Imagine a bacon-wrapped Ferrari. Still not better than our free technical reports.

Mutation Testing in Java with pitest by Henry Coles

Henry Coles

The latest Virtual JUG session was about a somewhat mystical and intriguing subject: mutation testing! Luckily for us, the speaker we had is one of the world class experts on the topic — Henry Coles.

Henry is the Head of Innovation at NCR, in Edinburgh. For the last 15 years he’s been working at becoming a better software engineer and has been developing award winning systems in industries ranging from energy trading and smart metering through to life insurance and finance.

You can find him on Twitter and ask all the questions about the session, about mutation testing, code and tests quality and software engineering in general.

He is also the author of the mutation testing library for Java, pitest. So, Henry has vast experience and knowledge of the matters involved and was generous enough to share his expertise with us in this session.

Without further ado, here’s the video of the presentation, watch it at your leisure or continue reading to get a grasp of what this session was about, what we learnt from it and also to watch our interview with Henry.

Mutation Testing in Java with pitest

Mutation testing with pitest

To understand what mutation testing is about Henry started the session with a few questions that developers often ponder:

  • How can you safely refactor tests?
  • How can you trust existing tests for an inherited code base?
  • How can you ensure that the tests you have written are effective?

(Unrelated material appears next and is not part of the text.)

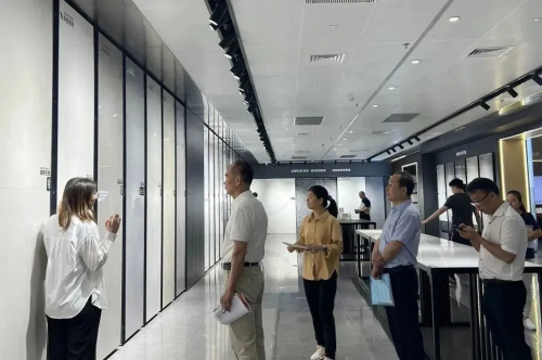 ▲第19届新锐榜评审团莅临箭牌瓷砖总部展厅考察

All these questions boil down to the one most important question you can ask about any test suite:
How do you measure the quality of your test suite?
The common approach to answering these questions often sound more like excuses, rather than comprehensive answers. We either make it QA’s problem, overestimate our confidence in the tests we create or just blame everything on test driven development: we saw these tests fail once, and now they are not, so they are effective.

While this may be a good approximation of an answer about quality, it’s not enough to have bullet-proof confidence that your tests won’t let you down. Especially, given the fact that the tests are also just code, which as we know tends to be broken all the time anyway. So either we write tests for our tests, which just defers the question of quality, or we put our hopes onto the qualification of the developers to do the right thing.

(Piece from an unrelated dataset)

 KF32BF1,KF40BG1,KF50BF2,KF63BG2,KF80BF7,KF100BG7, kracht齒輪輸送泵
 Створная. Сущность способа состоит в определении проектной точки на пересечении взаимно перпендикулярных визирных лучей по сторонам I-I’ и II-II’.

There are of course more conservative measures to ensure the quality of tests. For instance, peer reviews or pair programming. Alternatively there are actual metrics which code coverage tools provide to show that we indeed run through the actual code during test runs, etc. But these are slow, labor intensive to verify and not universally applicable.

Mutation testing takes a different approach and provides you the mechanism to ensure that you know which parts of the code are executed by the tests AND which lines are actually tested.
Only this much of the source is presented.